GIVEN MATERIAL ▸
#####

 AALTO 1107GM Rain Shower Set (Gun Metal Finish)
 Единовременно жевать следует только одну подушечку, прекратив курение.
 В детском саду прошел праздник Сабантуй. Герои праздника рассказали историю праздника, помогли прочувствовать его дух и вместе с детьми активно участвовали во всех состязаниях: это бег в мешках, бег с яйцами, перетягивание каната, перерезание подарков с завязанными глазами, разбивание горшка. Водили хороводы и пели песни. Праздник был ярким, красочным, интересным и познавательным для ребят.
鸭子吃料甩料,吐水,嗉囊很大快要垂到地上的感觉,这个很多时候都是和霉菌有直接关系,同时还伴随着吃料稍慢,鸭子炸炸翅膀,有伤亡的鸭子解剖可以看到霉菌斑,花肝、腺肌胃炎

#####

Provide an exact copy of all the material.

SOLUTION TO THIS PROBLEM ▸
 AALTO 1107GM Rain Shower Set (Gun Metal Finish)
 Единовременно жевать следует только одну подушечку, прекратив курение.
 В детском саду прошел праздник Сабантуй. Герои праздника рассказали историю праздника, помогли прочувствовать его дух и вместе с детьми активно участвовали во всех состязаниях: это бег в мешках, бег с яйцами, перетягивание каната, перерезание подарков с завязанными глазами, разбивание горшка. Водили хороводы и пели песни. Праздник был ярким, красочным, интересным и познавательным для ребят.
鸭子吃料甩料,吐水,嗉囊很大快要垂到地上的感觉,这个很多时候都是和霉菌有直接关系,同时还伴随着吃料稍慢,鸭子炸炸翅膀,有伤亡的鸭子解剖可以看到霉菌斑,花肝、腺肌胃炎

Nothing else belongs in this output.